The conference resumed on Saturday; the first session, chaired by Anna-Carolin Augustin, focused on medical research and human reproduction. Donna Drucker’s presentation looked at the strange career of the cervical cap contraceptive device from 1976 to 1993. Though not a new technology in the 1960s, the caps were unavailable in the U.S., and the primary manufacturer in Britain, Lamberts Dalston, hoped to phase out production. American women’s health advocates wanted to import the devices as alternatives to birth control pills and IUDs but the U.S. Food and Drug Administration (FDA) required clinical trials to reclassify caps as class II devices. When Lamberts Dalston, wary of lawsuits, wouldn’t organize the trials, the non-professional citizen-activist National Women’s Health Network took on the task, setting up trials at 11 women’s health centers. The FDA eventually approved one type of cap, but Lamberts Dalston chose only one U.S. distributor (unconnected with the activists), which regulated the product so tightly that U.S. marketing wasn’t sustained. The story illustrated the difficulty of establishing national regulatory frameworks that support international cooperation for the research, testing, and approval of biomedical technologies.

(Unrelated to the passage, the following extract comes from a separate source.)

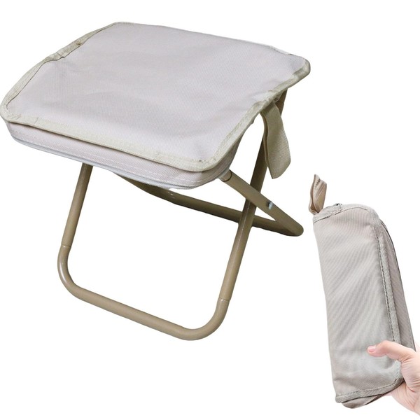 KKLM アウトドア折りたたみ椅子 小型軽量 アウトドアに最適な超軽量コンパクト折りたたみ式キャンプチェア 収納袋付きで持ち運び簡単 耐荷重150kgまでOK (カーキ)

The last conference panel, chaired by Jeffrey Reznick, focused on trans-national medical ethics. Todd Olszewski’s paper examined how the National Institutes of Health struggled to redefine its mission starting in the 1970s, following two decades of explosive growth and expanding influence. Was it a research agency or a “health” agency? With growing health care costs and public distrust of both government and medicine in that era, the NIH increasingly caught criticism for the lag between research discoveries and clinical application. Olszewski’s study showed how NIH leadership tried to formulate mission statements (and 5-year funding plans) that reflected commitment to multiple constituencies: scientists, patients, consumers, and the biotech industry. It also demonstrated that tension between the various stakeholders remains. Mathias Schütz’s presentation asked why biomedical ethics standards formulated in the U.S. and widely adopted elsewhere after the 1960s were taken up only slowly in the Federal Republic of Germany. Although the new bioethics were actively introduced and well-received in Germany, the German biomedical professions were reluctant to cede the legitimacy of their own local “medical ethics” to the more “global” definitions.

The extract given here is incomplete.